When the matter came up before the Supreme Court, on January 17, the petitioners were represented by Senior Advocate Harish Salve. From what was reported in the press, the bench presided by Chief Justice Kehar was reluctant to admit the appeal. The Times of India reported that the bench asked Salve “Isn’t WhatsApp free? When the service is free and the user has the option of opting out from using the services, how can they be restrained from accessing the data sent through the medium created by them? It is a facility extended to you free of cost, take it or leave it”. Salve is reported to have argued that the government was duty bound to protect the privacy of its citizens and that the actions of Whatsapp were violating the privacy of Indians. The bench then agreed to issue notice on the condition that Salve argue the matter during the summer vacation before the vacation bench and also invited the Attorney General to join the arguments.
Then on April 5, 2017 the Hindu reported that Chief Justice Kehar had decided to advance the date for hearing the dispute since the matter was “serious” and fixed the date of April 18. This is where things get interesting. According to the Hindu, at the hearing, Facebook’s counsel, Senior Advocate K.K. Venugopal had argued that since the case hinged on the right to privacy and the status of the privacy right was unclear because of conflicting Supreme Court decisions, the matter should be referred to a bench of 9 judges who could then over-rule or re-affirm precedent on the point.

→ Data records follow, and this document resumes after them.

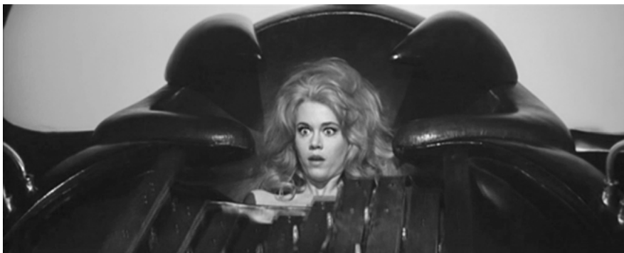
Abb. 5: „It’s ... sort of nice, isn’t it?“

sanften Stimme des Bösewichts: „Wait until the tune changes. It may change your tune as well.“ (Abb. 5)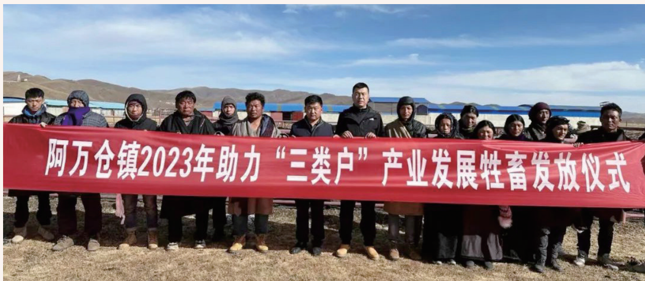
11月21日，阿万仓镇举行助力“三类户”产业发展牲畜发放仪式

11月9日，国家电力投资集团公司绿色能源公司项目开发总经理吴庆方、陕西墨岩投资管理有限公司总经理于浩到玛曲县对接洽谈风力发电项目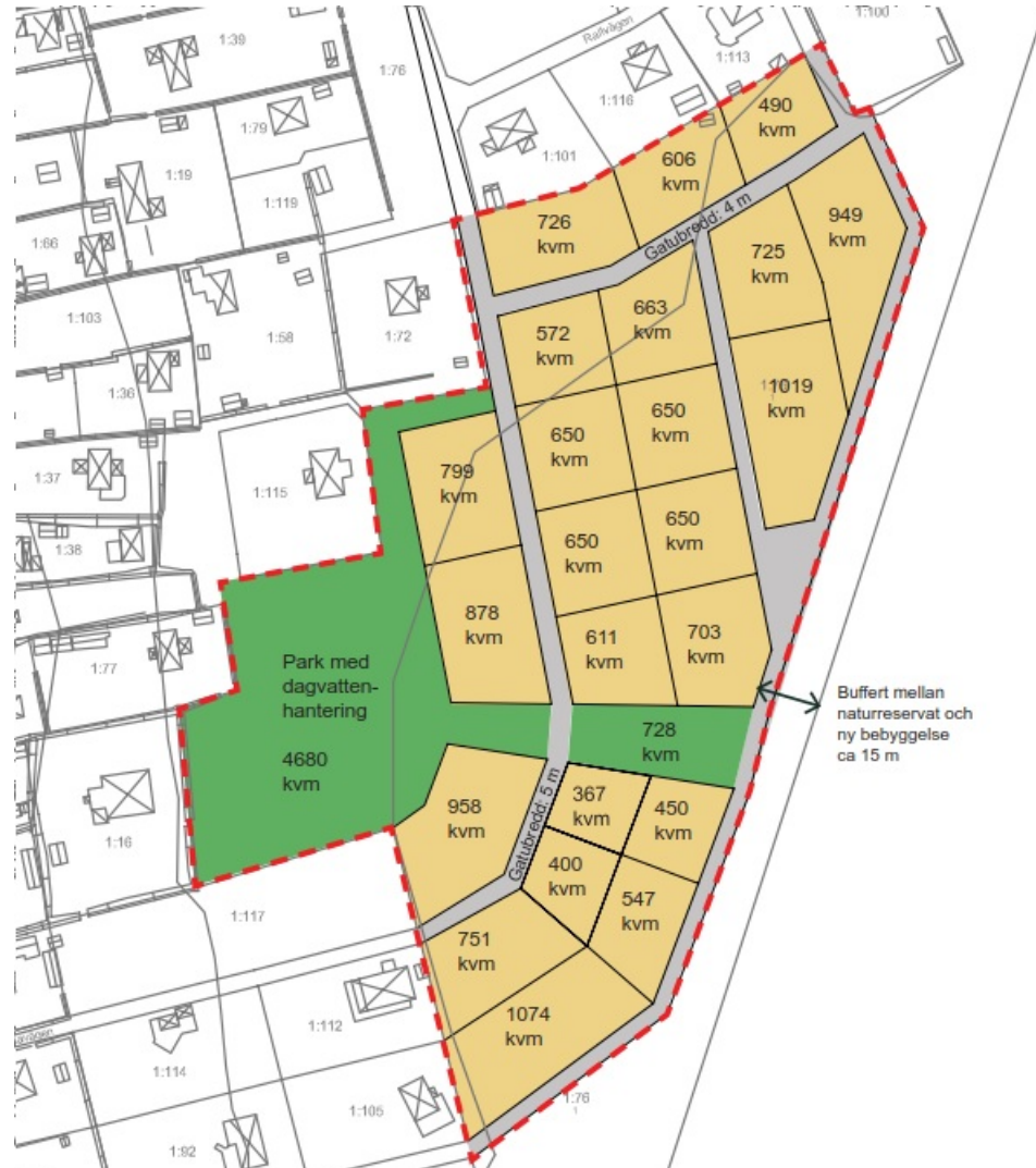
Figur 2: Skissförslag för nybebyggelse.

Området är planerat att användas till byggnation av nya fastigheter enligt skissförslag (Figur 2)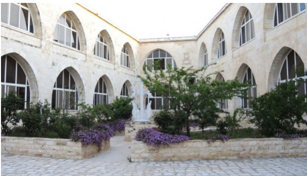
Des mysostis, le symbole du 100e anniversaire du génocide arménien, dans une cour du monastère dans la vieille ville de Jérusalem

Le télégramme, qui avait été écrit à l'origine en langage codé, est une demande de détails sur le terrain de la part d'un responsable turc de haut-rang, Behaeddin Shakir, sur les déportations et les meurtres d'Arméniens dans la région de l'Anatolie, située dans l'est de la Turquie, dit l'article de presse.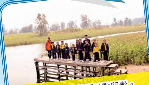
在南生圍熱門拍攝地點留影。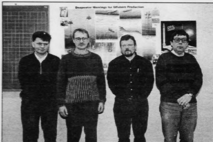
Fyra av lærarunum, sum undirvísa á fyrsta oljuboriskeiðinum í Føroyum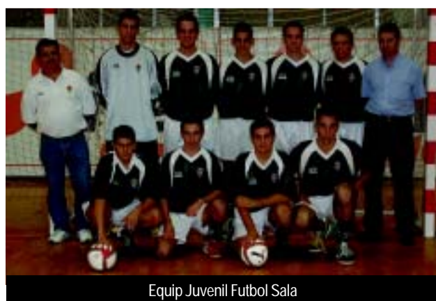
Equip Juvenil Futbol Sala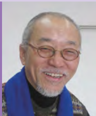
남, 지체장애, 디자인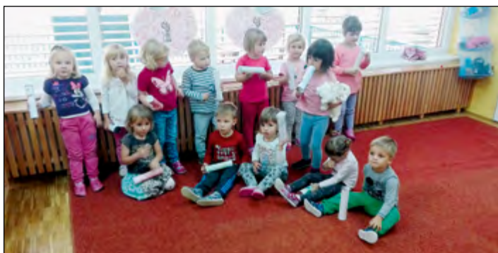
Otroci iz modre igralnice so za popestritev vrtčevskega dneva naredili svoja glasbila iz odpadnih materialov, ki jih starši pridno prinašajo v vrtec. Ob petju pesmic in igranju na svoja glasbila bo dan otrokom ostal v lepem spominu.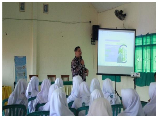
Gambar 2. Presentasi Materi oleh Narasumber

Pengabdian dilakukan di MAN 5 Jombang dan dihadiri 39 peserta yang didampingi oleh guru wali kelas. Pemateri dihadiri oleh dua dosen Pendidikan Geografi yang memiliki keahlian dalam bidang pendidikan geografi dan pendidikan lingkungan. Materi yang disampaikan meliputi pengenalan dasar-dasar literasi lingkungan, pentingnya pengelolaan lingkungan, dan prinsip 4R ( Reduce, Reuse, Recycle, Replace ). Pembelajaran dengan mengintegrasikan pendidikan lingkungan dapat meningkatkan literasi lingkungan siswa (Febriasari & Supriatna, 2017; Sunarto, 2023). Hal ini sejalan dengan temuan pada penelitian terdahulu bahwa implementasi berpengaruh pada perubahan perilaku manusia (Mahsun et al., 2025; Wibowo et al., 2023). Pendidikan lingkungan tidak hanya meningkatkan literasi lingkungan, namun juga dapat meningkatkan kepedulian siswa terhadap lingkungan (Henukh et al., 2025). Terdapat temuan pada penelitian terdahulu yang menyatakan bahwa pendidikan lingkungan dapat membangun pola pikir kelingkungan (Gesthuizen et al., 2025). Selain itu, pendidikan lingkungan dinilai cukup membantu dalam pembentukan sumber daya manusia dalam hal menyelesaikan permasalahan lingkungan (Ibáñez et al., 2020).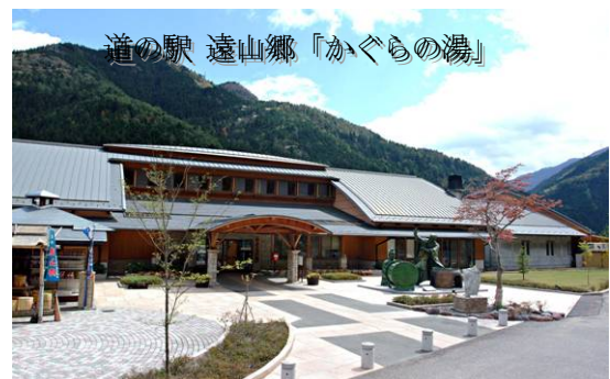
道の駅 遠山郷「かぐらの湯」

This was a strange line of argument to take and according to reporting by the CCGNLU, Senior Advocate Venugopal was contradicted by Whatsapp’s counsel, Senior Advocate Kapil Sibal who had argued that “that the case was a simple contractual matter and needn’t be referred to a larger bench.”
Considering that Facebook is Whatsapp’s parent company and both have the same goals it is not quite clear why both parties were contradicting each other but it appears that either one set of lawyers was not briefed properly or one of the Senior Advocates went off-script. In either case, this was a monumental mistake.
In any event the bench headed by Chief Justice Kehar should have examined the issue in detail before referring the case to the Constitutional Bench especially since it is normal practice for the referring bench to frame issues that need to be decided by the constitutional bench. This did not happen and the matter was then referred to a constitutional bench without framing any questions and more importantly, its open knowledge that the issue of whether privacy is a fundamental right needs to be decided by a bench of 9 judges (because one of the earlier judgments on the issue consists of 7 judges) and yet the Chief Justice referred the matter to a bench of 5 judges.
Strangely enough when the bench of 5 judges headed by Justice Dipak Misra started hearings on the matter, Facebook and Whatsapp now questioned the point of setting up a constitutional bench to hear the matter since the case lacked a question of constitutional importance!!!!
As per the CCGNLU reporting of the case, at the April 18, 2017:
“The counsels for WhatsApp and Facebook also questioned the setting up of a constitution bench to hear this case as according to them, the case lacked a question of constitutional importance.”
Similarly at the next hearing on May 16, 2017 the ET reported that:
“Senior advocate K K Venugopal, arguing for Facebook against court intervention of any kind in what he described was a private contractual matter, said WhatsApp services were encrypted and there was no provision under which it could peruse any data shared by A with B. He also claimed that any data stored or transferred to WhatsApp cannot be shared with third parties without the consent of the person. Venugopal said interested parties cannot file a PIL on this issue.”
The constitutional bench headed by Justice Dipak Misra is going to continue hearings after the court reopens. Given Justice Dipak Misra’s previous handling of cases involving the internet and the law, things aren’t looking good for big data innovation.